The accompanying notes are an integral part of these unaudited interim condensed consolidated financial statements.
 | Notes to the unaudited interim condensed consolidated financial information statements June 30, 2022 (In thousands of Reais - R$, except when otherwise indicated) |
| |
Gol Linhas Aéreas Inteligentes S.A. (“Company” or “GOL”) is a limited liability company incorporated on March 12, 2004 under Brazilian laws. The Company’s bylaws states that the corporate purpose is exercising the equity control of GOL Linhas Aéreas S.A. (“GLA”), which explores regular and non-regular flight transportation services of passengers, cargo and mailbags, domestically or internationally; development of loyalty programs; services to maintain and repair aircraft, engines and parts; among others.
The Company’s shares are traded on B3 S.A. - Brasil, Bolsa, Balcão (“B3”) and on the New York Stock Exchange (“NYSE”) under the ticker GOLL4 and GOL, respectively.

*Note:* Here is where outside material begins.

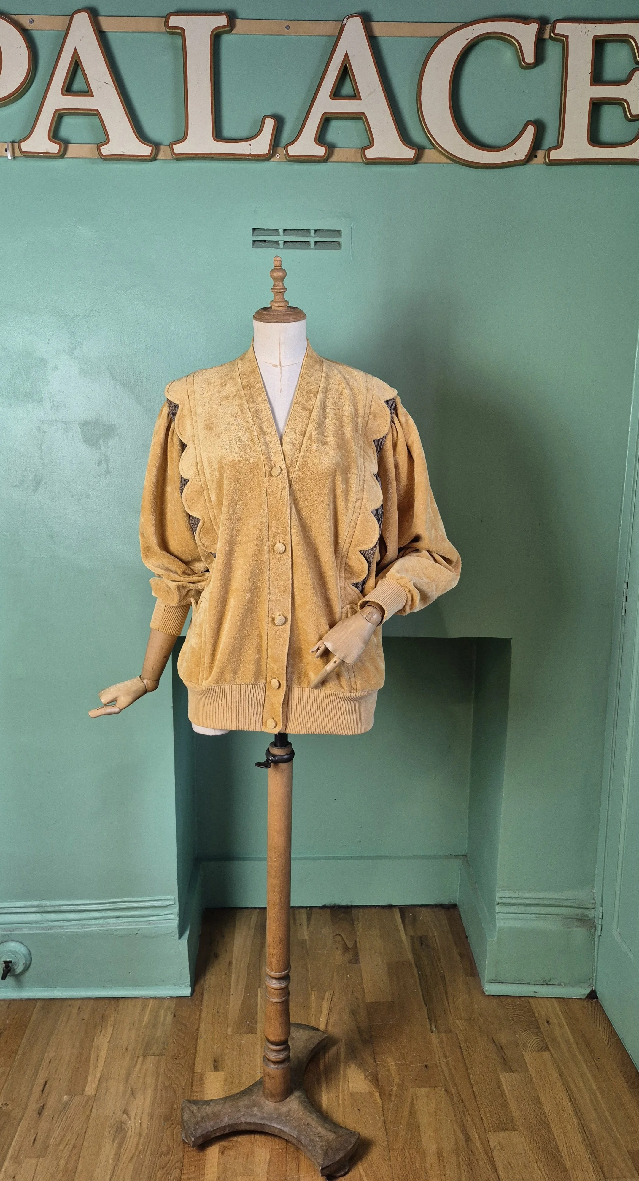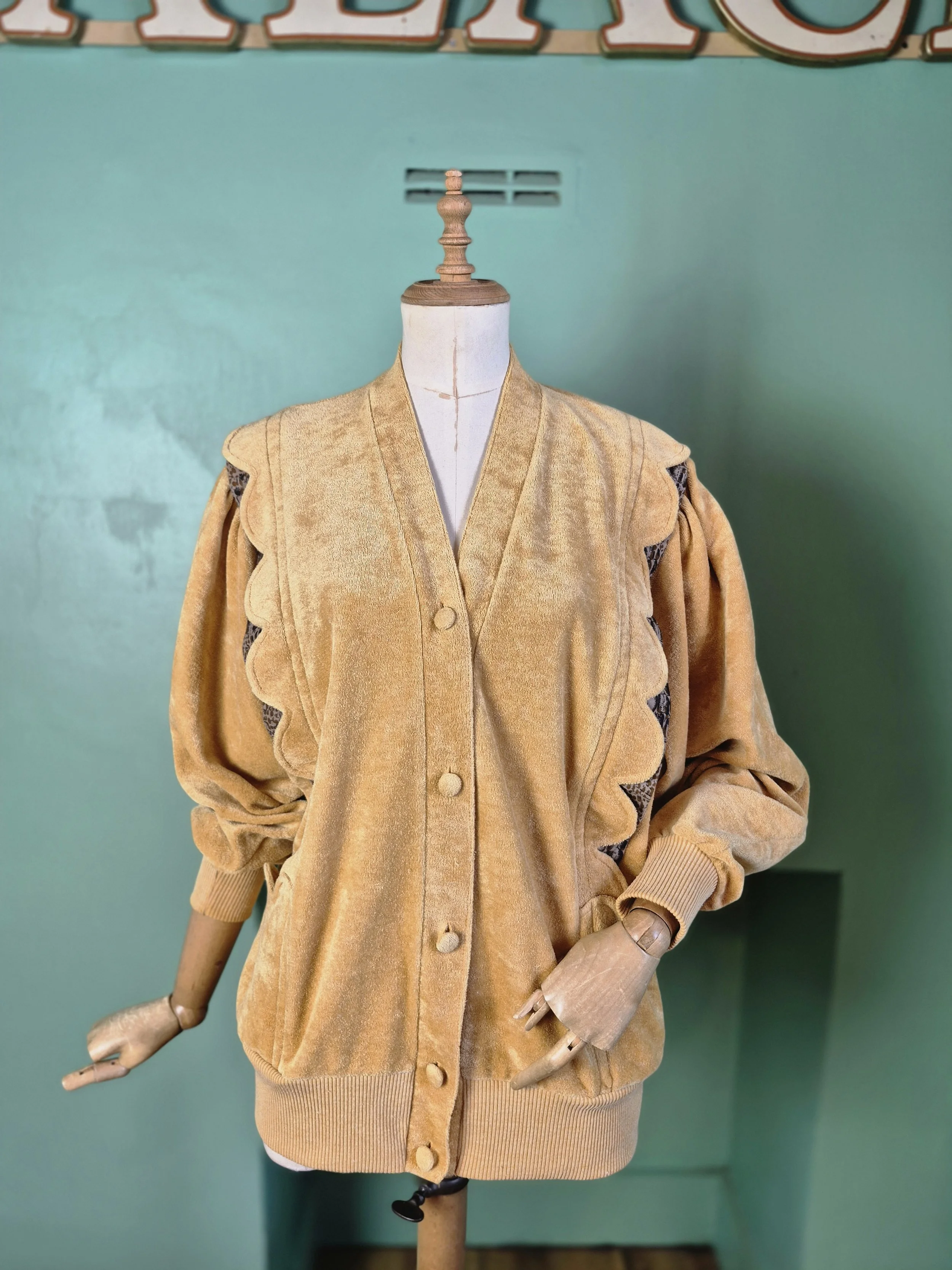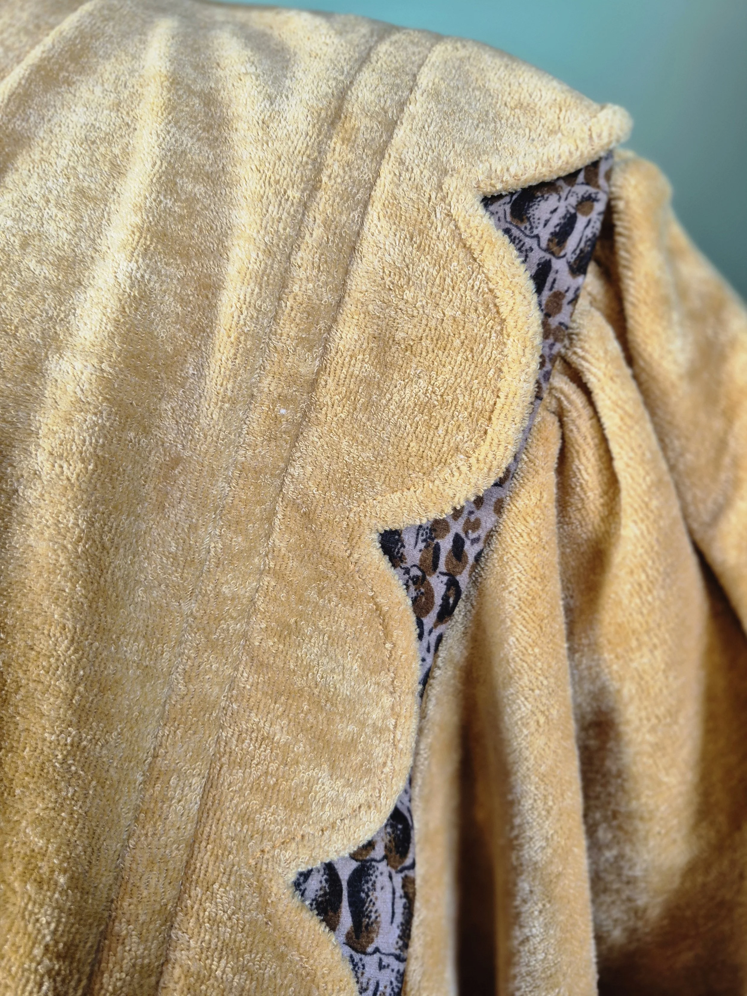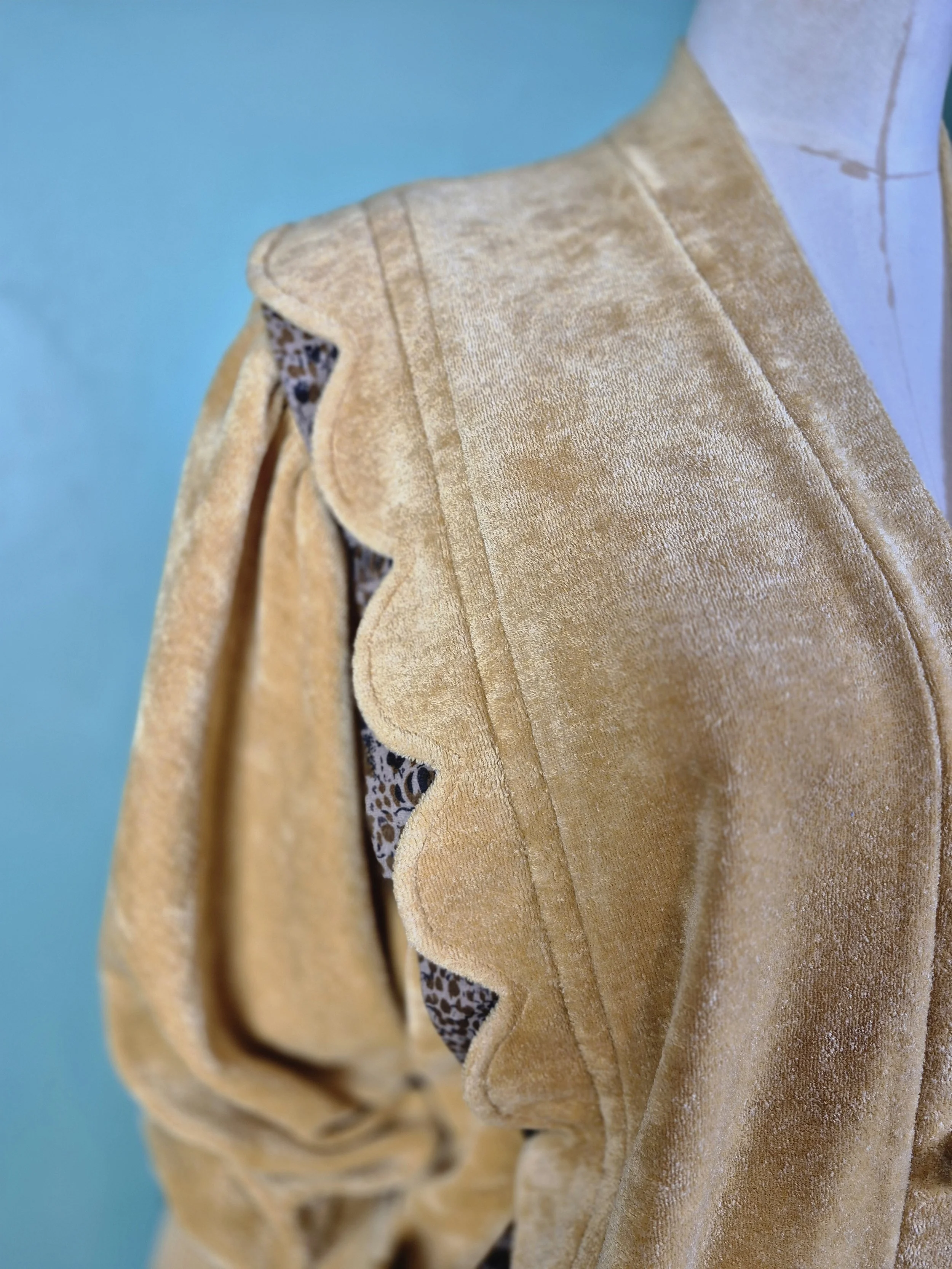 Half jumper half top and totally fabulous. Bold jewel tone leaf print fabric with leaf appliqués. fastens with a single button at the back of the neck.

The Company adopts B3’s Special Corporate Governance Practices Level 2 and is part of the Special Corporate Governance (“IGC”) and Special Tag Along (“ITAG”) indexes, created to distinguish companies that commit to special corporate governance practices.
The Company’s official headquarters are located at Praça Comandante Linneu Gomes, s/n, portaria 3, prédio 24, Jardim Aeroporto, São Paulo, Brazil.
The Company’s corporate structure and equity interest in the capital of its subsidiaries, on June 30, 2022, are shown below:

 | Notes to the unaudited interim condensed consolidated financial information statements June 30, 2022 (In thousands of Reais - R$, except when otherwise indicated) |
| |
Entity | Date of incorporation | Location | Principal activity | Type of control | % of interest in the capital stock in the capital stock |
June 30, 2022 | December 31, 2021 |
GAC | March 23, 2006 | Cayman Islands | Aircraft acquisition | Direct | 100.00 | 100.00 |
Gol Finance Inc. | March 16, 2006 | Cayman Islands | Fundraising | Direct | 100.00 | 100.00 |
Gol Finance | June 21, 2013 | Luxembourg | Fundraising | Direct | 100.00 | 100.00 |
GLA | April 9, 2007 | Brazil | Flight transportation | Direct | 100.00 | 100.00 |
GTX | February 8, 2021 | Brazil | Equity investments | Direct | 100.00 | 100.00 |
Smiles Viagens | August 10, 2017 | Brazil | Tourism agency | Indirect | 100.00 | 100.00 |
Smiles Fidelidade Argentina (a) | November 7, 2018 | Argentina | Loyalty program | Indirect | 100.00 | 100.00 |
Smiles Viajes y Turismo (a) | November 20, 2018 | Argentina | Tourism agency | Indirect | 100.00 | 100.00 |
AirFim | November 7, 2003 | Brazil | Investment fund | Indirect | 100.00 | 100.00 |
Fundo Sorriso | July 14, 2014 | Brazil | Investment fund | Indirect | 100.00 | 100.00 |
| (a) | Companies with functional currency in Argentine pesos (ARS). |
The subsidiaries GAC Inc., GOL Finance and GOL Finance Inc. are entities incorporated with the specific purpose of continuing the financial operations and related to the Company's fleet. They do not have an independent management structure and are unable to make independent decisions. Thus, the assets and liabilities of these entities are consolidated in the parent company.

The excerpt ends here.